INSTRUCTIONS TO FOLLOW –
The reply should hold only the lines below beginning at the one with "9月の皮膚科診療は下記の通りです。" and ending at the one with "73932114 alte Postkarte", copied exactly, with every picture left out.

GIVEN DATA –
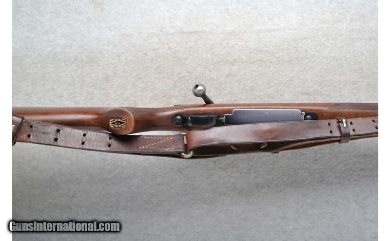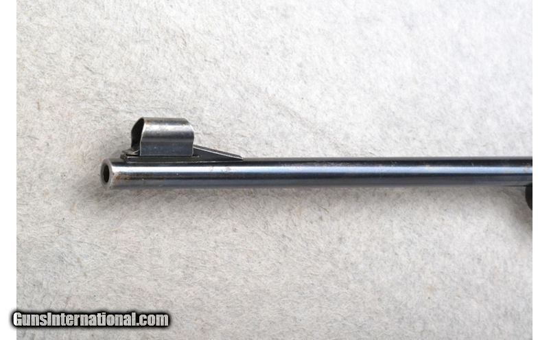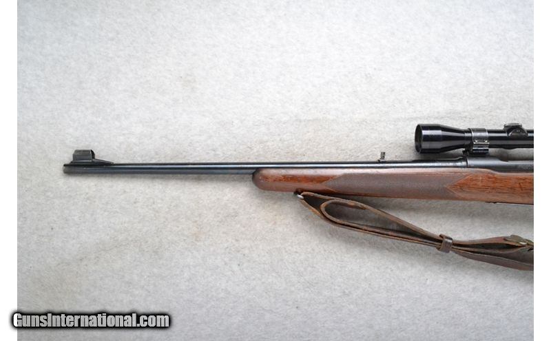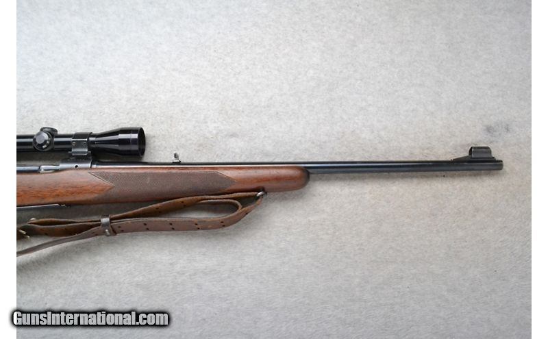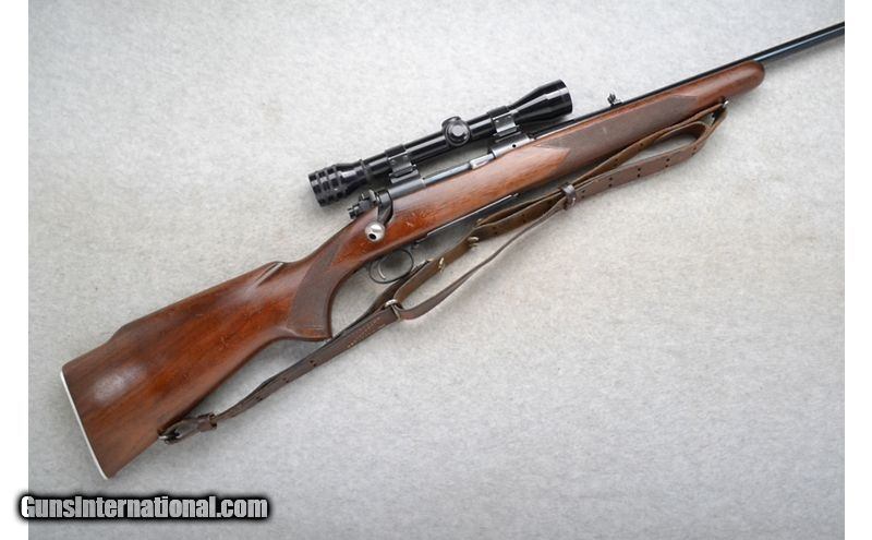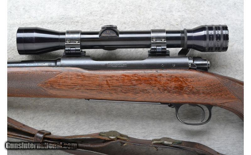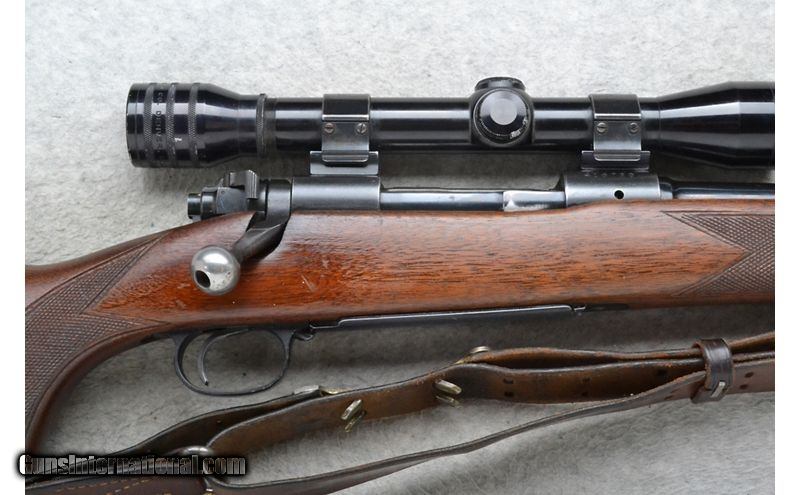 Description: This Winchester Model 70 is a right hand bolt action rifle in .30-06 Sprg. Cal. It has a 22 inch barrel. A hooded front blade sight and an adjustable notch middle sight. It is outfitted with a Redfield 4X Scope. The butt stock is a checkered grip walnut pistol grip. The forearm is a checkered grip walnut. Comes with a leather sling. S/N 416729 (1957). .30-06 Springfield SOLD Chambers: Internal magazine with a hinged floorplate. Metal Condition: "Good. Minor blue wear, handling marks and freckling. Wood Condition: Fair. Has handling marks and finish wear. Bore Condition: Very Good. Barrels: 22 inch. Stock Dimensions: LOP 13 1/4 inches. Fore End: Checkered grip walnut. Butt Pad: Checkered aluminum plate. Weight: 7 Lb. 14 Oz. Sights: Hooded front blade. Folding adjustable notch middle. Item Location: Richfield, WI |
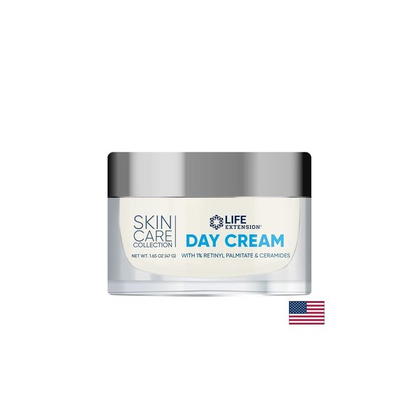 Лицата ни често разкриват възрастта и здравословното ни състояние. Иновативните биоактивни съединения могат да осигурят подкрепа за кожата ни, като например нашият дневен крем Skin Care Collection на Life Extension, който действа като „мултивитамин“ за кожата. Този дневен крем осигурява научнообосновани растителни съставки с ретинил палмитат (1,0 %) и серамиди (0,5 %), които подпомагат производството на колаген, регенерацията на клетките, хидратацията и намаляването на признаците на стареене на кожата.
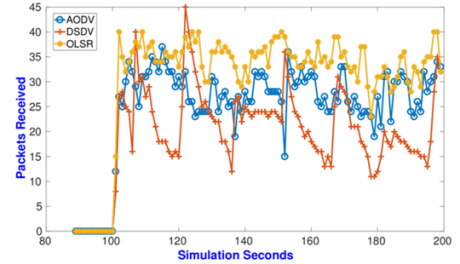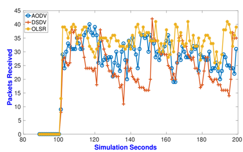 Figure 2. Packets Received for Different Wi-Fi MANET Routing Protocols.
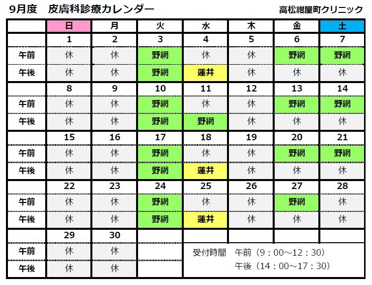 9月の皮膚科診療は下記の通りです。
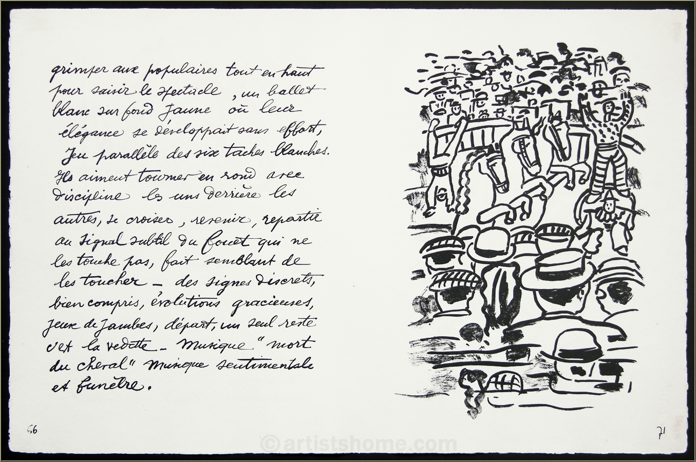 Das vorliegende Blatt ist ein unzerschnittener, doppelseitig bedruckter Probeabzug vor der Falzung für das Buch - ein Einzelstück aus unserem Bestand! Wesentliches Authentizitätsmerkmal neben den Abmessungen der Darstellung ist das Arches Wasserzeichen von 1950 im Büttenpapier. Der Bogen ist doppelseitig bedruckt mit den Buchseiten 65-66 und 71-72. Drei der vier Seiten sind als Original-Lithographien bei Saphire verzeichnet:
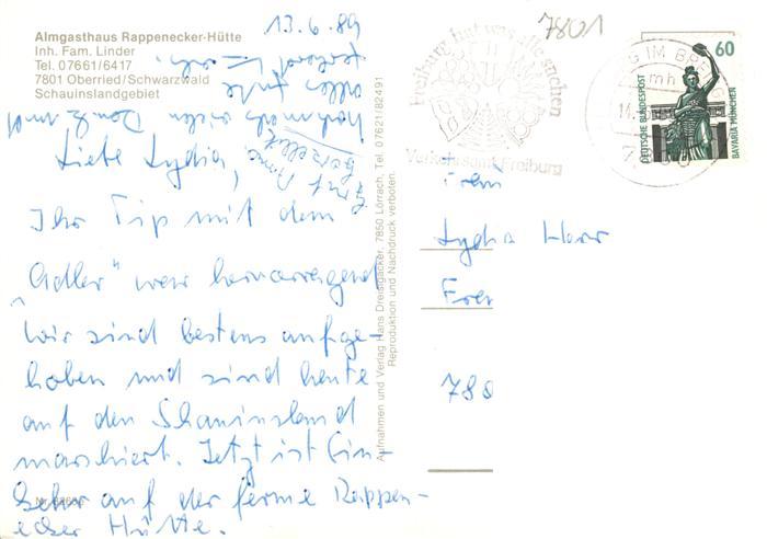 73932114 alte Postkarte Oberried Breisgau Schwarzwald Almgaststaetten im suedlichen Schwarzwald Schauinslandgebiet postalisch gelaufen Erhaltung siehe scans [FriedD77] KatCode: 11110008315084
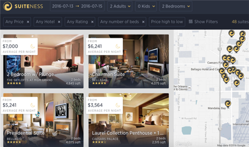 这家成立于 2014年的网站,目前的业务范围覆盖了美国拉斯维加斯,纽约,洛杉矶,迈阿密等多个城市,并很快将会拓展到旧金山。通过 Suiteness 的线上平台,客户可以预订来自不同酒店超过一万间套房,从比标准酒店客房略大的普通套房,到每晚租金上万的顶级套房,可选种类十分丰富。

EXERCISE RESULT –
 9月の皮膚科診療は下記の通りです。
 Das vorliegende Blatt ist ein unzerschnittener, doppelseitig bedruckter Probeabzug vor der Falzung für das Buch - ein Einzelstück aus unserem Bestand! Wesentliches Authentizitätsmerkmal neben den Abmessungen der Darstellung ist das Arches Wasserzeichen von 1950 im Büttenpapier. Der Bogen ist doppelseitig bedruckt mit den Buchseiten 65-66 und 71-72. Drei der vier Seiten sind als Original-Lithographien bei Saphire verzeichnet:
 73932114 alte Postkarte Oberried Breisgau Schwarzwald Almgaststaetten im suedlichen Schwarzwald Schauinslandgebiet postalisch gelaufen Erhaltung siehe scans [FriedD77] KatCode: 11110008315084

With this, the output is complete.